What is needed: Print each entry word for word without images.

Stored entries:
- Opening Delimiter -

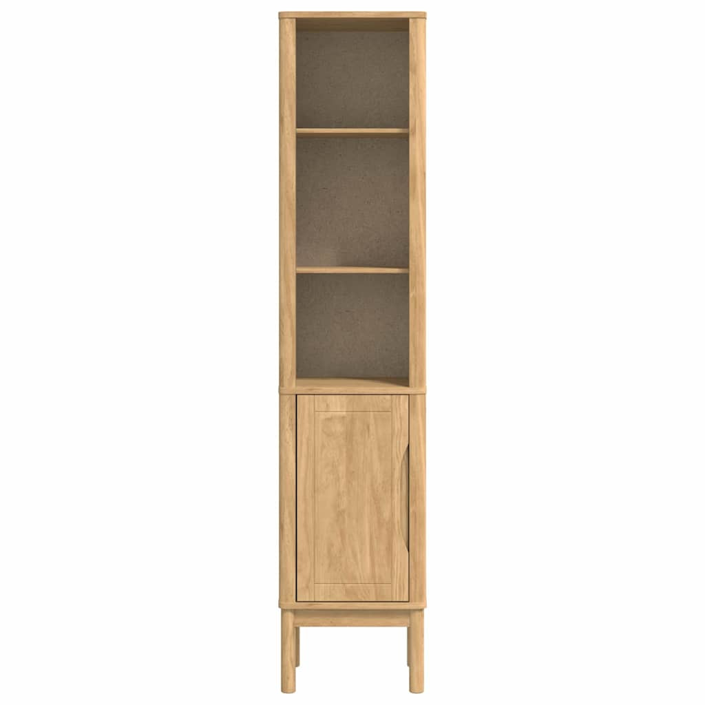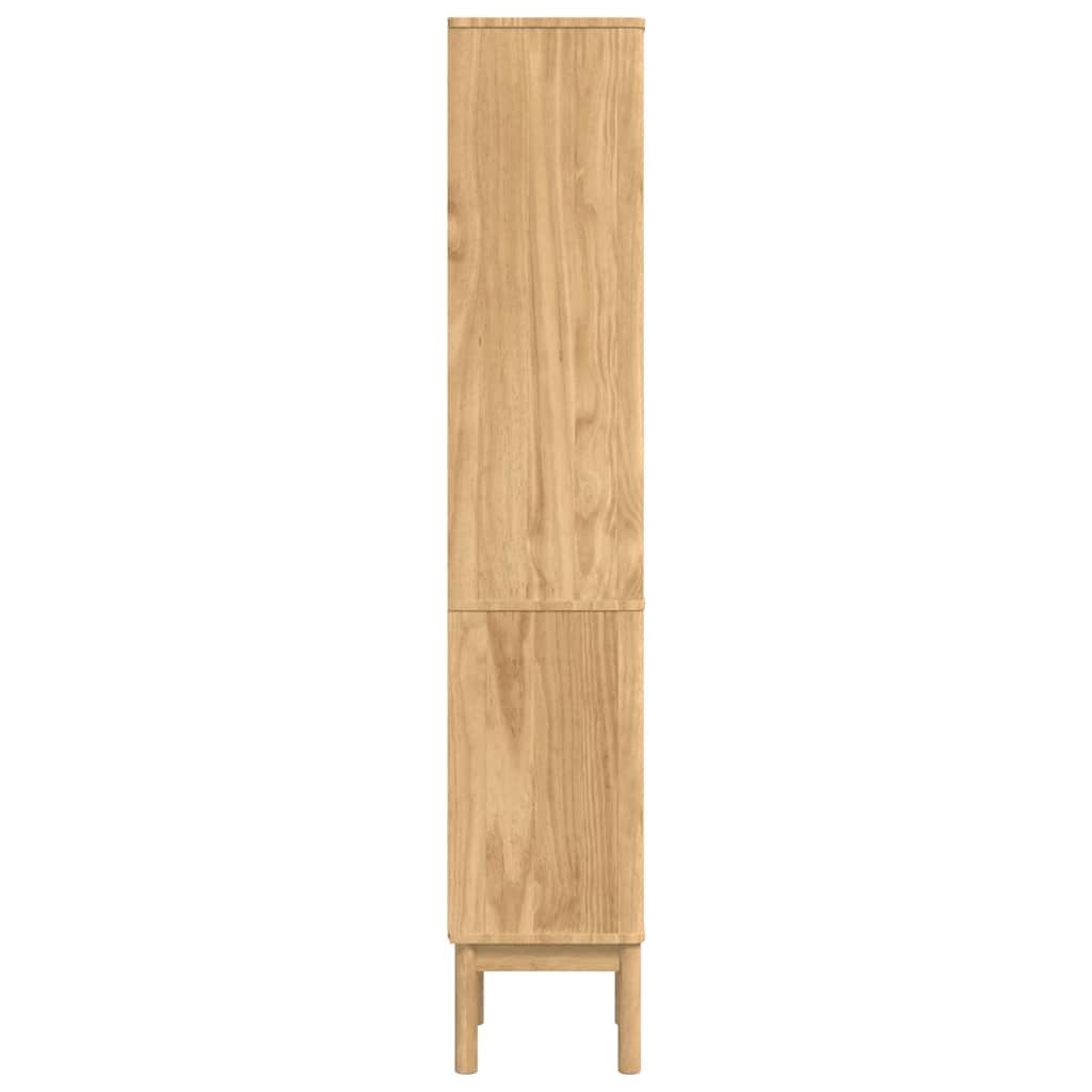 - Tömör fenyő összetétel: A szekrény minden eleme, a keretétől az állítható polcokig, masszív tömör fenyőből készült, tükrözve a tartós, természetes design iránti elkötelezettséget. A gyönyörű fenyő erezete elegáns hatást ad, miközben bírja a használatot. Ez az anyag biztosítja, hogy a szekrény ellenáll a fürdőszobai környezetnek, megőrzi formáját.
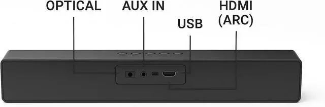 • Supports Bluetooth® 5.3 (10M range), HDMI ARC, AUX, USB, Optical, FM Radio, and Micro SD for universal compatibility.
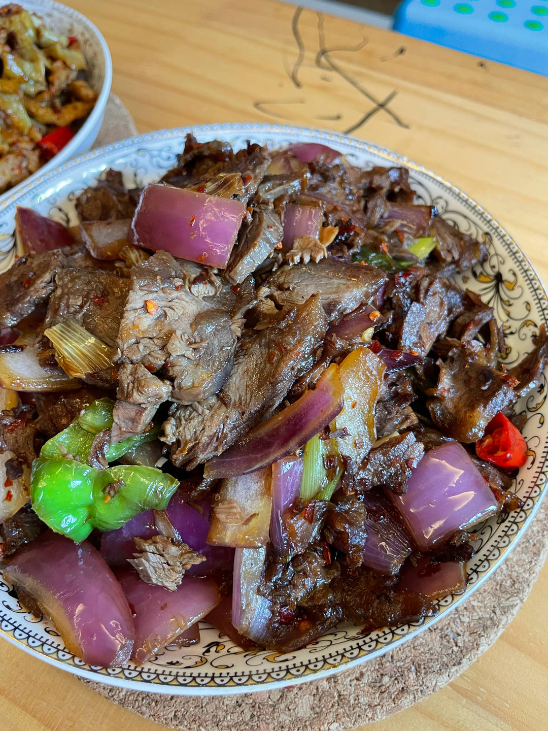 炒卤牛肉、脆黄瓜皮炒肉、泡面
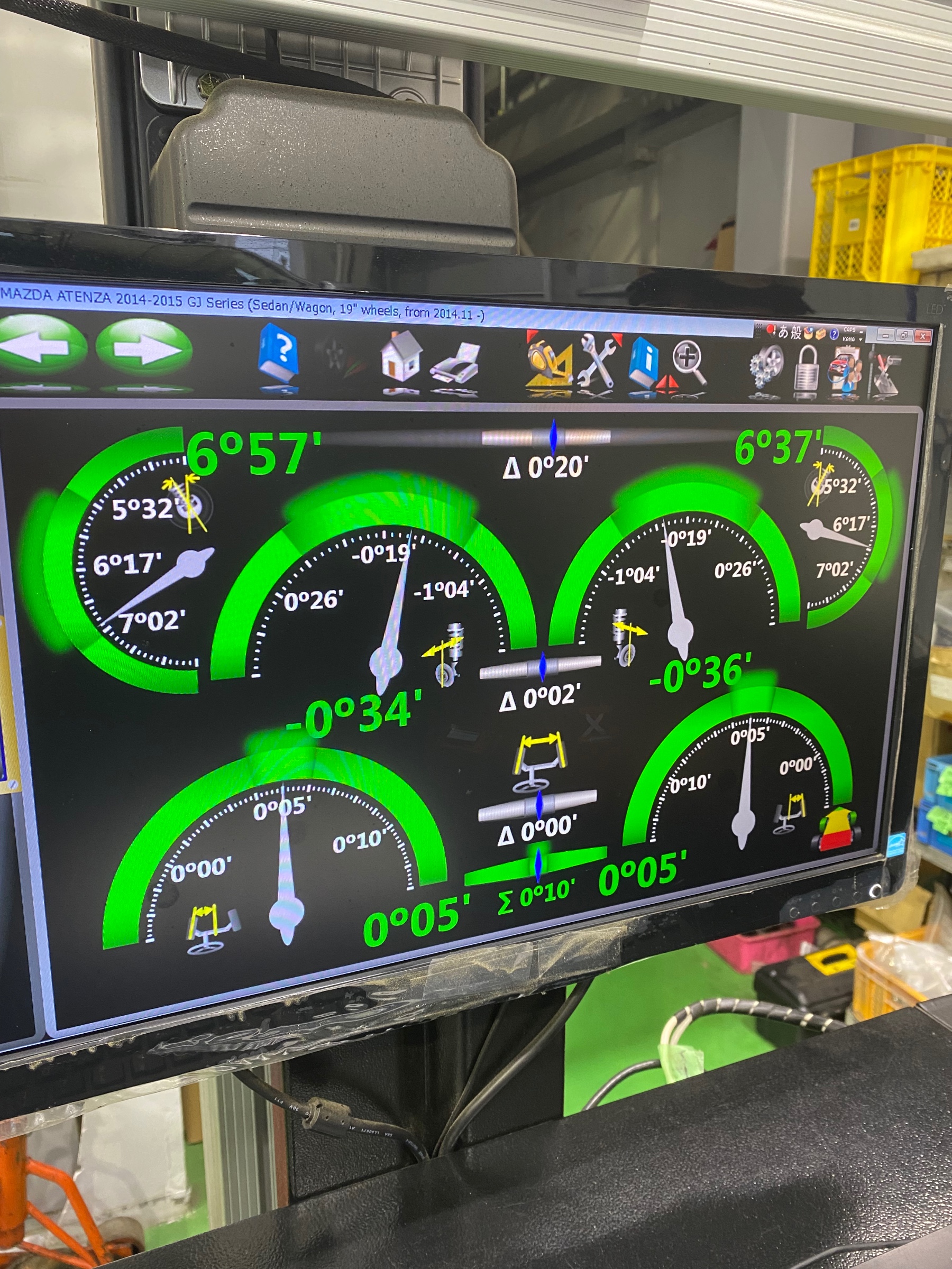 トー角に狂いがありましたので、画像のようなメーターを見ながら基準値へと調整していきます。(画像は調整後のデータです)
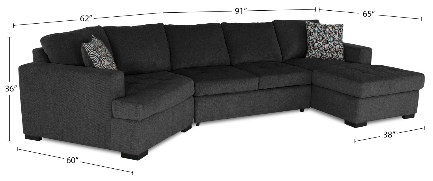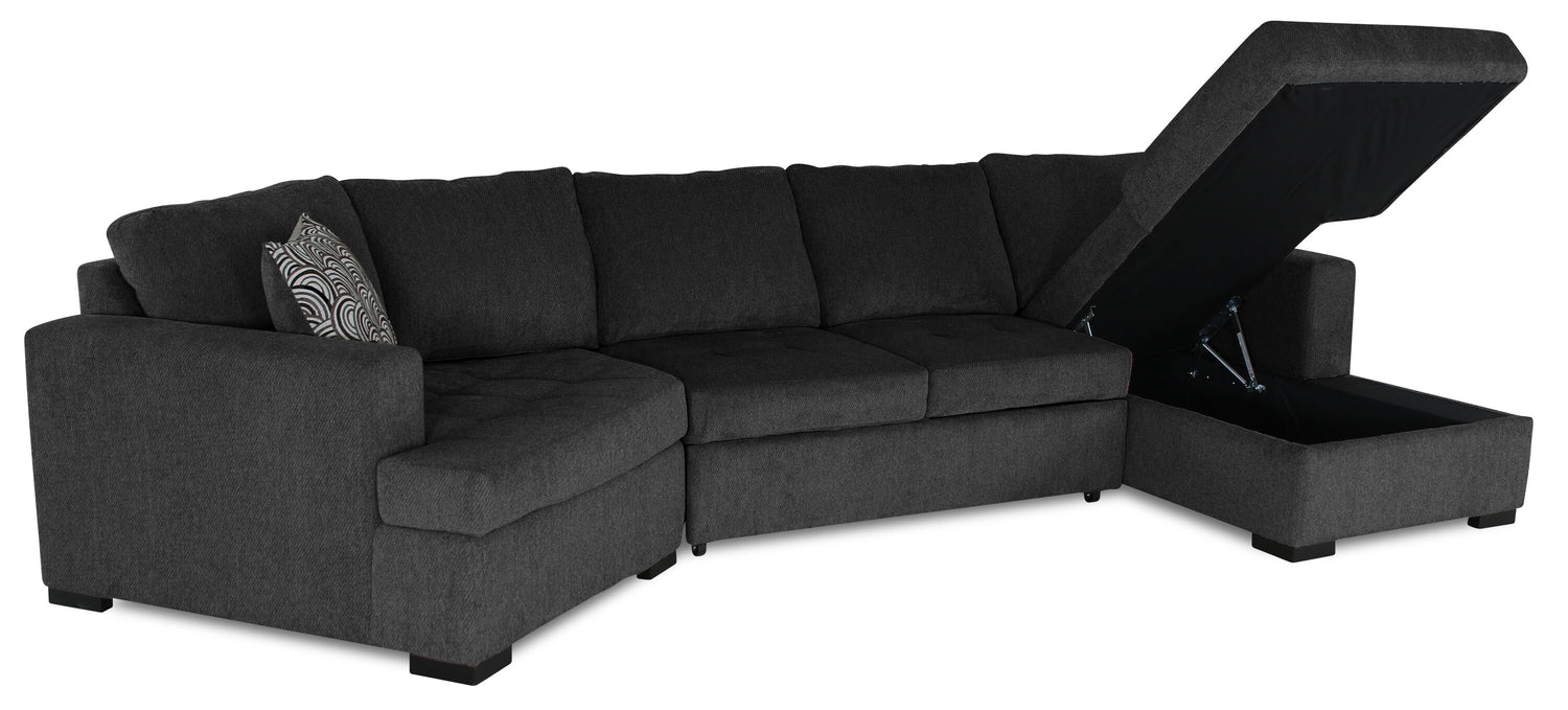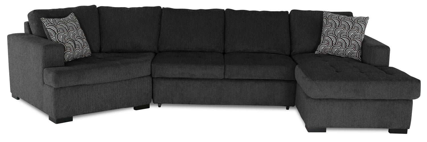 In a busy life, multipurpose furniture can make everyday occurrences so much easier. Whether for hiding clutter or having overnight guests, this spacious Legend three-piece sectional can do it all in style. With a calm, contemporary design and a rich pepper colour, this sectional will add a sense of comfort to your home. Chenille fabric is soft, and the extra padding provides comfort and support. Plus, the cuddler component adds a unique flair while allowing you to curl up with a loved one. Pull out the sleeper, get cozy and let comfort wash over you with the Legend cuddler sectional.

- Closing Delimiter -

Result of this task:
 - Tömör fenyő összetétel: A szekrény minden eleme, a keretétől az állítható polcokig, masszív tömör fenyőből készült, tükrözve a tartós, természetes design iránti elkötelezettséget. A gyönyörű fenyő erezete elegáns hatást ad, miközben bírja a használatot. Ez az anyag biztosítja, hogy a szekrény ellenáll a fürdőszobai környezetnek, megőrzi formáját.
 • Supports Bluetooth® 5.3 (10M range), HDMI ARC, AUX, USB, Optical, FM Radio, and Micro SD for universal compatibility.
 炒卤牛肉、脆黄瓜皮炒肉、泡面
 トー角に狂いがありましたので、画像のようなメーターを見ながら基準値へと調整していきます。(画像は調整後のデータです)
 In a busy life, multipurpose furniture can make everyday occurrences so much easier. Whether for hiding clutter or having overnight guests, this spacious Legend three-piece sectional can do it all in style. With a calm, contemporary design and a rich pepper colour, this sectional will add a sense of comfort to your home. Chenille fabric is soft, and the extra padding provides comfort and support. Plus, the cuddler component adds a unique flair while allowing you to curl up with a loved one. Pull out the sleeper, get cozy and let comfort wash over you with the Legend cuddler sectional.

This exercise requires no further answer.